Segment Open

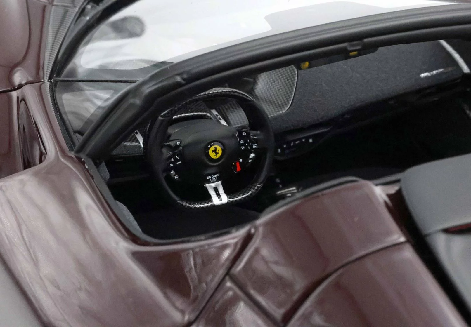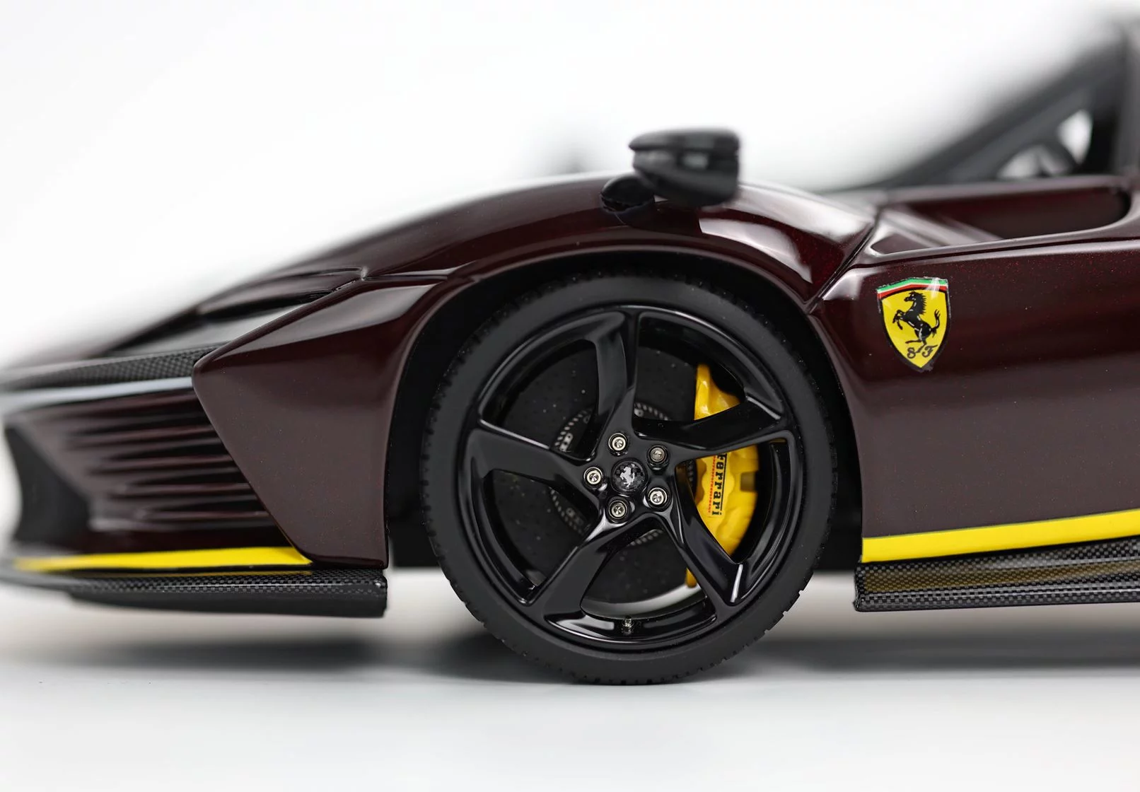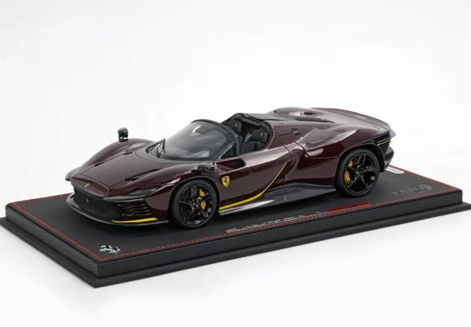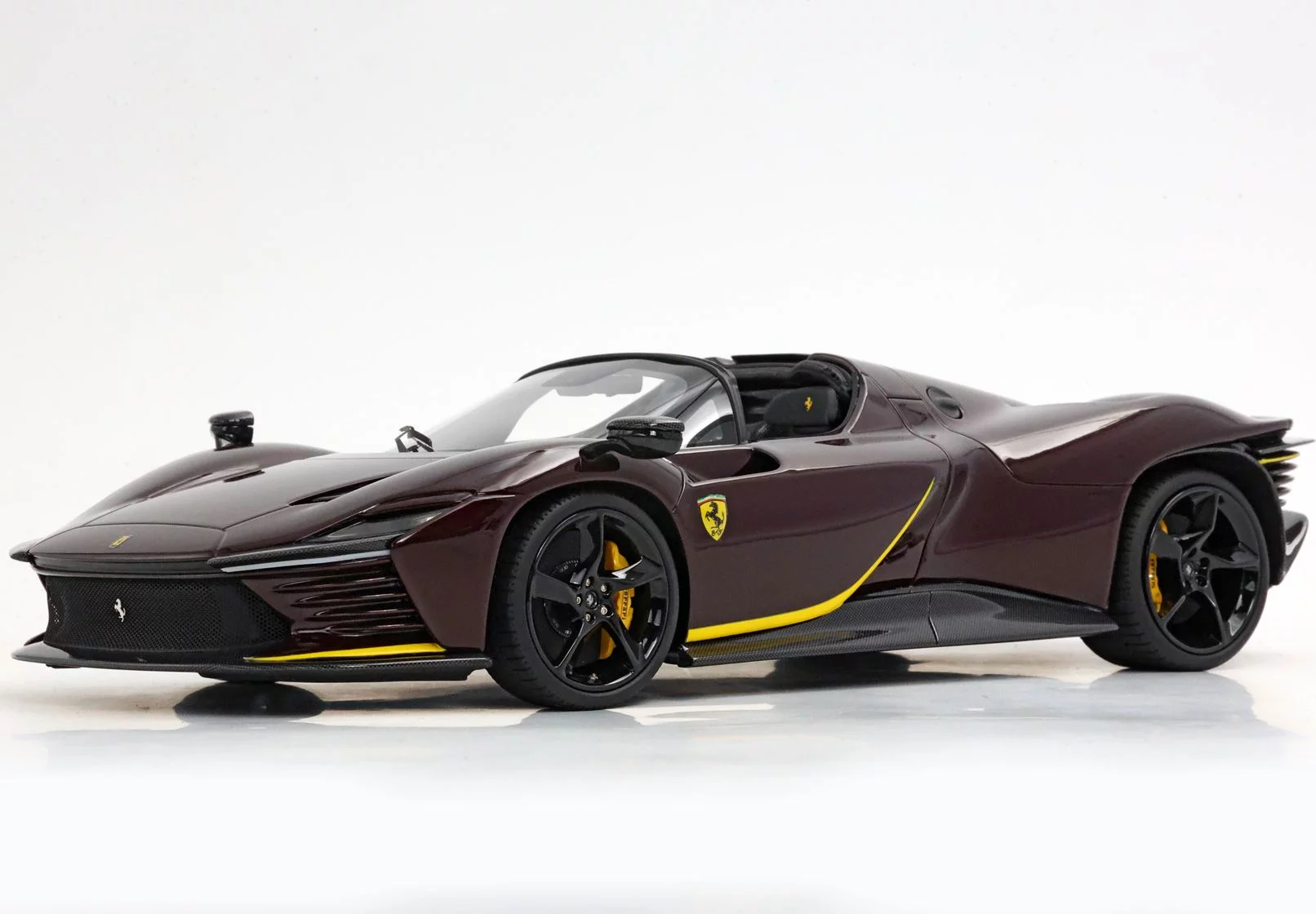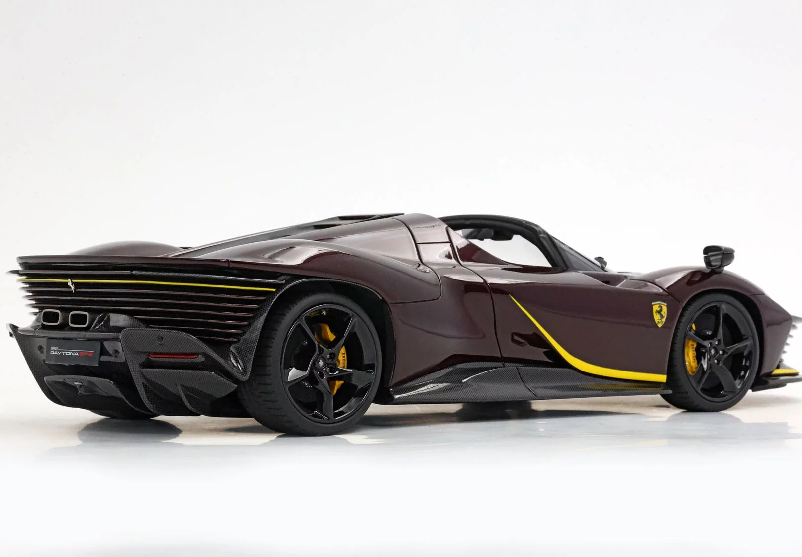 This 1:18 scale miniature car reproduces the Ferrari Daytona SP3 in Ruby Red with yellow accents (open roof). Manufactured by BBR, this model is made of resin. Limited edition of 79 numbered pieces.
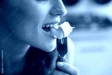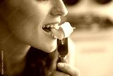 Closeup on young woman eating camembert
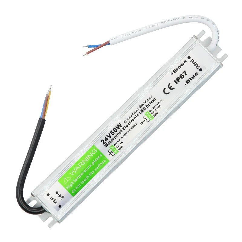 Transformador de iluminación 90-250V AC a DC 24V 50W 2.08A Adaptador de controlador LED Aluminio IP67 Fuente de alimentación conmutada impermeable para exteriores
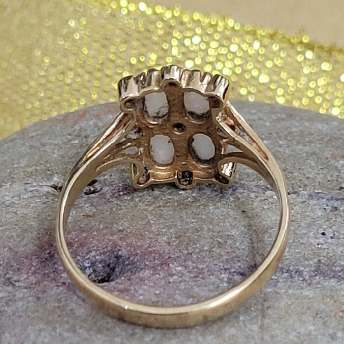 This ring has a split shank with delicate millgrain detailing, further add to its stylish silhoutte. The contrast of cool-toned Opals and warm Yellow Gold makes this striking ring a really flattering addition to your finger, with its gorgeous, eye-catching pops of colour.
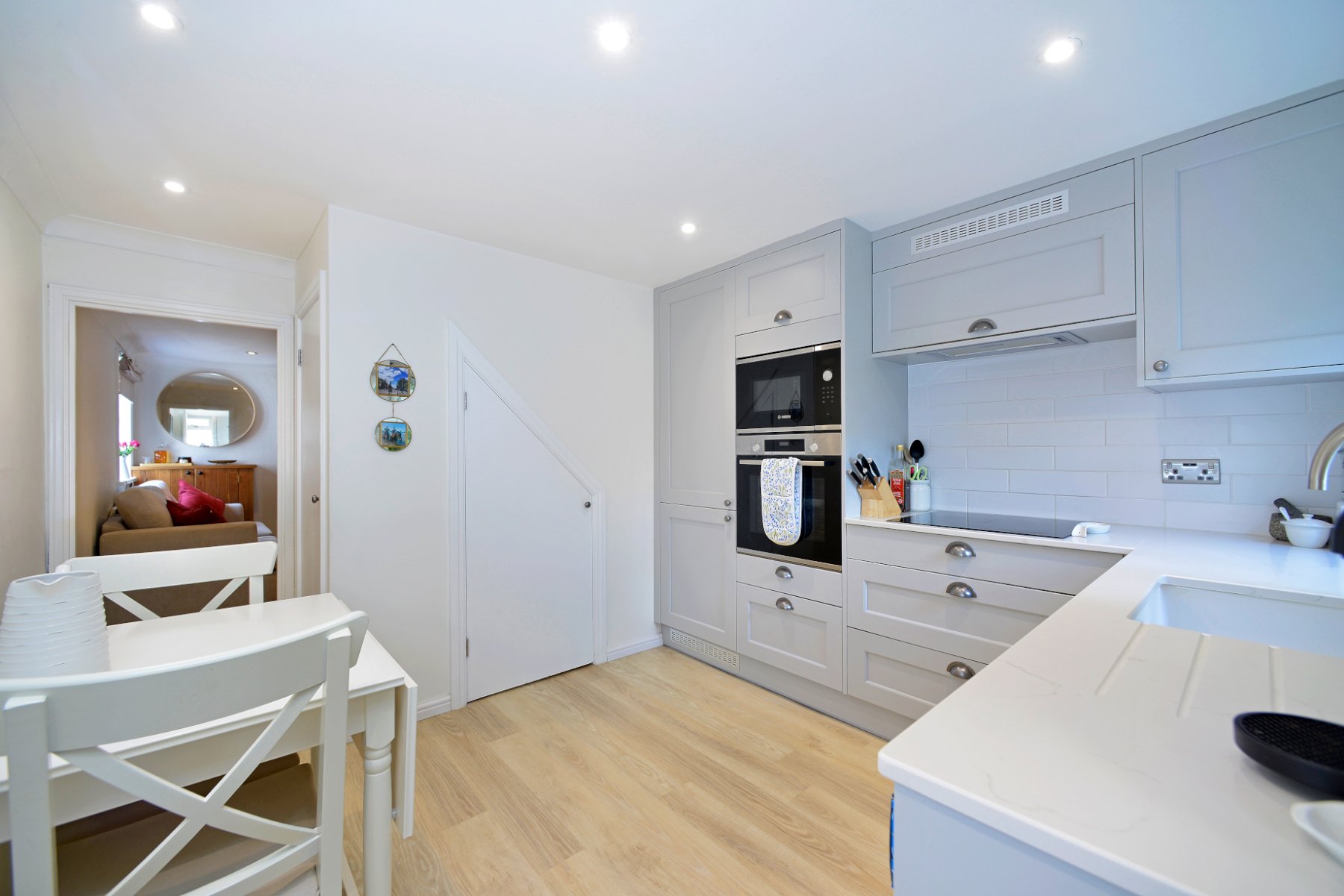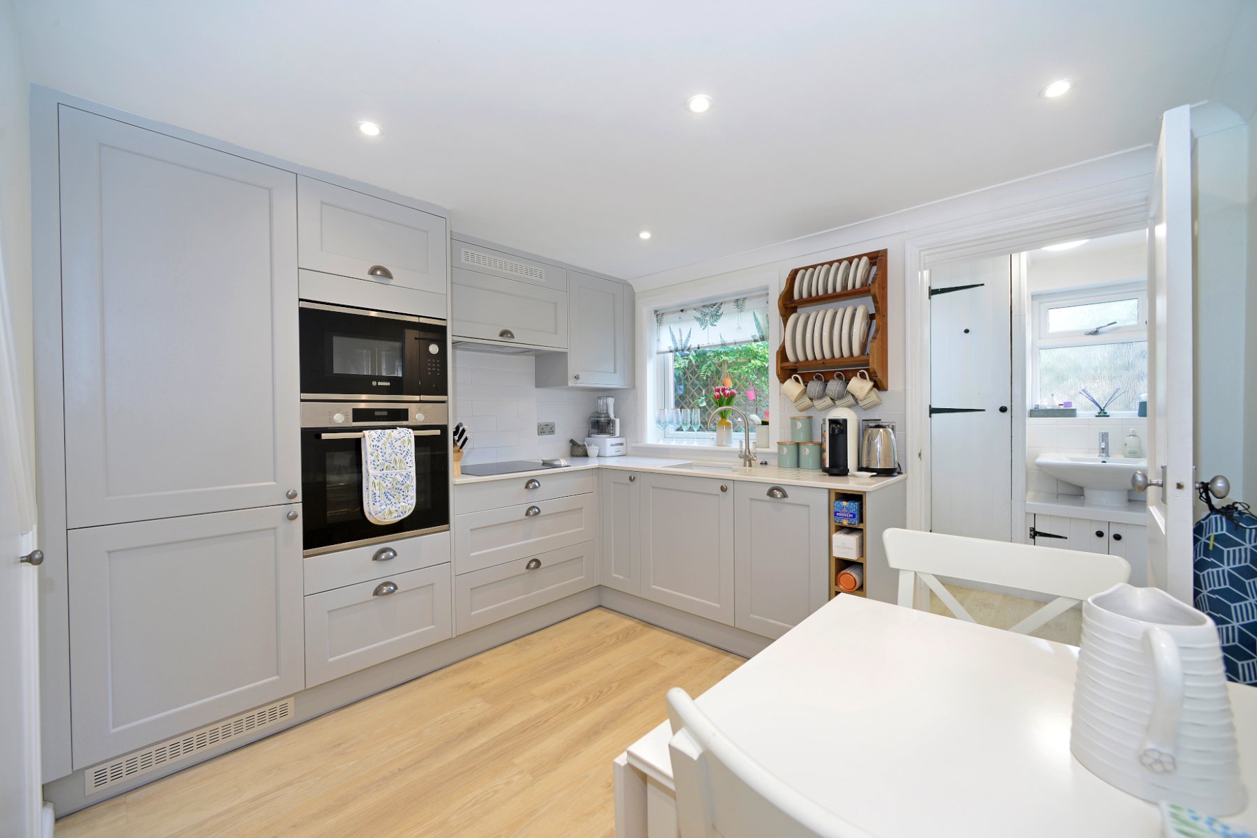 - First class Shaker kitchen/dining room with integrated appliances and quartz countertops

Segment Closed

Problem details ->
Please transcribe each line above exactly, but leave the images out.

Solution for this problem ->
 This 1:18 scale miniature car reproduces the Ferrari Daytona SP3 in Ruby Red with yellow accents (open roof). Manufactured by BBR, this model is made of resin. Limited edition of 79 numbered pieces.
 Closeup on young woman eating camembert
 Transformador de iluminación 90-250V AC a DC 24V 50W 2.08A Adaptador de controlador LED Aluminio IP67 Fuente de alimentación conmutada impermeable para exteriores
 This ring has a split shank with delicate millgrain detailing, further add to its stylish silhoutte. The contrast of cool-toned Opals and warm Yellow Gold makes this striking ring a really flattering addition to your finger, with its gorgeous, eye-catching pops of colour.
 - First class Shaker kitchen/dining room with integrated appliances and quartz countertops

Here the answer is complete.